* [DATA TO EXAMINE]:
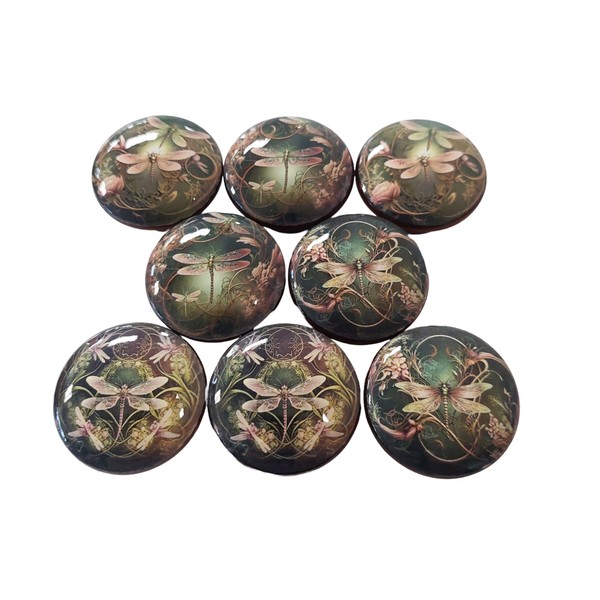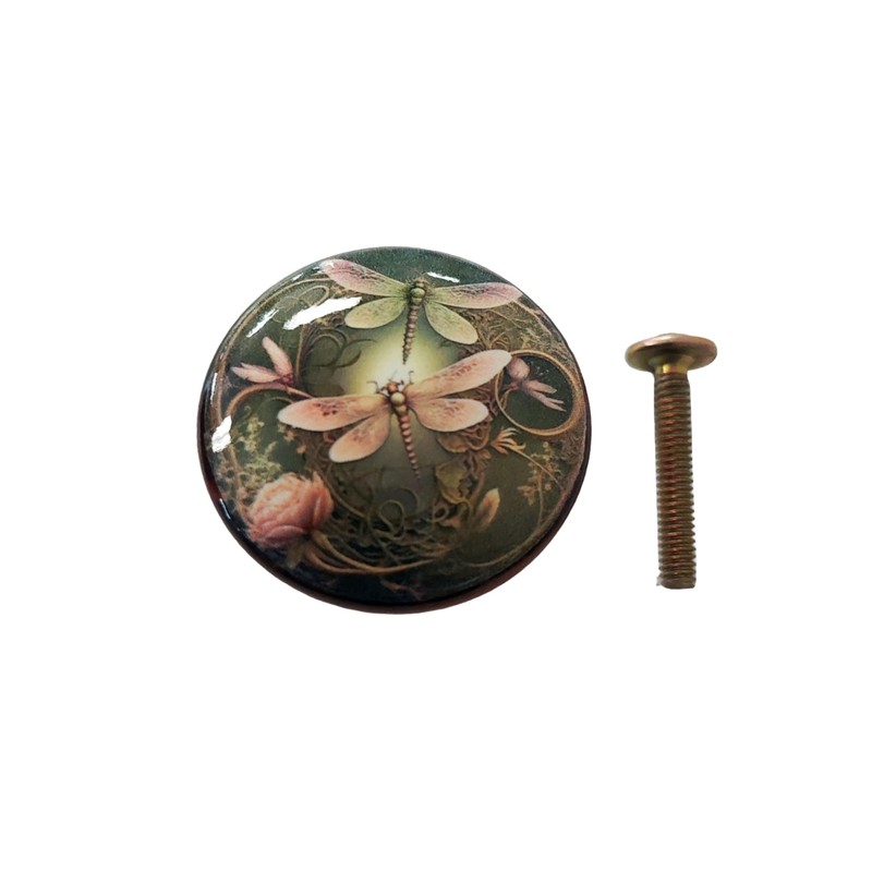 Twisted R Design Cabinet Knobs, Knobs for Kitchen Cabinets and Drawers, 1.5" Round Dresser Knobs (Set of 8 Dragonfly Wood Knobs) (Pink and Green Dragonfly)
==
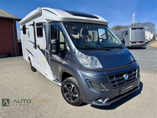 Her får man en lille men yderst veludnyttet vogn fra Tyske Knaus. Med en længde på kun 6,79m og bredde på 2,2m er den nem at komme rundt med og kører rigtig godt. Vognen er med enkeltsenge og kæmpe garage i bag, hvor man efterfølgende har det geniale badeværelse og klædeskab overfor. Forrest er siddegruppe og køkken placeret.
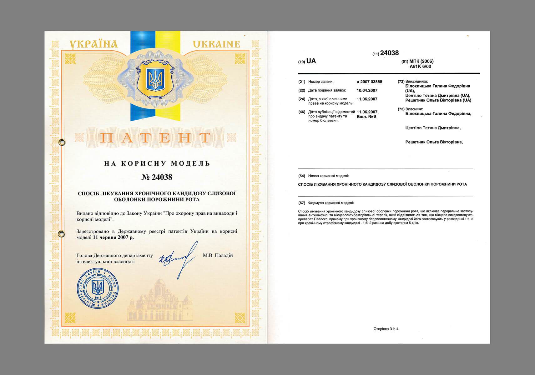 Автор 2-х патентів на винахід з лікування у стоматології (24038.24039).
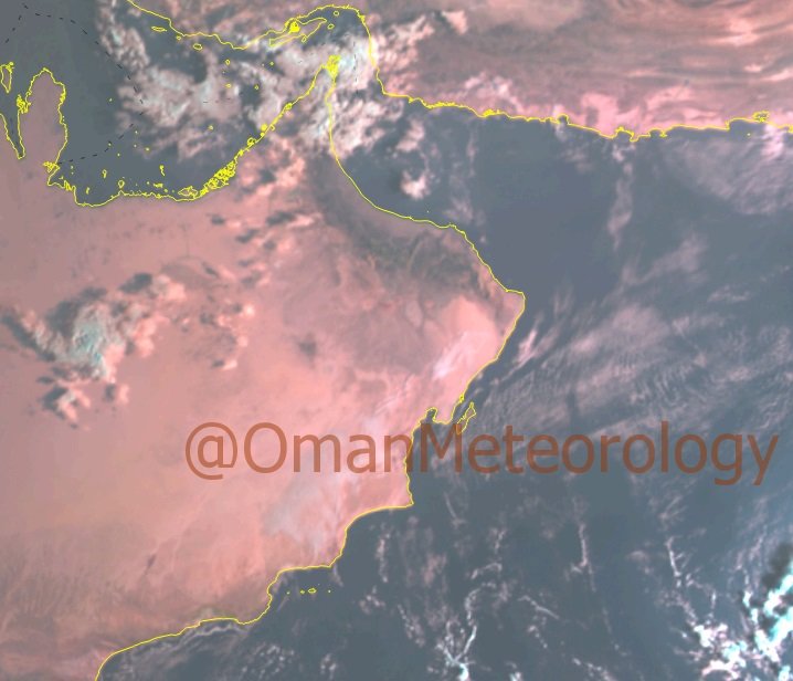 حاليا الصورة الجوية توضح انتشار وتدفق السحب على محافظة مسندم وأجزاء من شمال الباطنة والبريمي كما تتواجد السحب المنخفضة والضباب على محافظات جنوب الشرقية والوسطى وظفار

* [WORK ITEM]:
Return exactly the part of the listing above that opens with the line containing "Her får man" and closes with the line containing "حاليا الصورة الجوية". Pictures stay out.

* [SOLVED EXERCISE]:
 Her får man en lille men yderst veludnyttet vogn fra Tyske Knaus. Med en længde på kun 6,79m og bredde på 2,2m er den nem at komme rundt med og kører rigtig godt. Vognen er med enkeltsenge og kæmpe garage i bag, hvor man efterfølgende har det geniale badeværelse og klædeskab overfor. Forrest er siddegruppe og køkken placeret.
 Автор 2-х патентів на винахід з лікування у стоматології (24038.24039).
 حاليا الصورة الجوية توضح انتشار وتدفق السحب على محافظة مسندم وأجزاء من شمال الباطنة والبريمي كما تتواجد السحب المنخفضة والضباب على محافظات جنوب الشرقية والوسطى وظفار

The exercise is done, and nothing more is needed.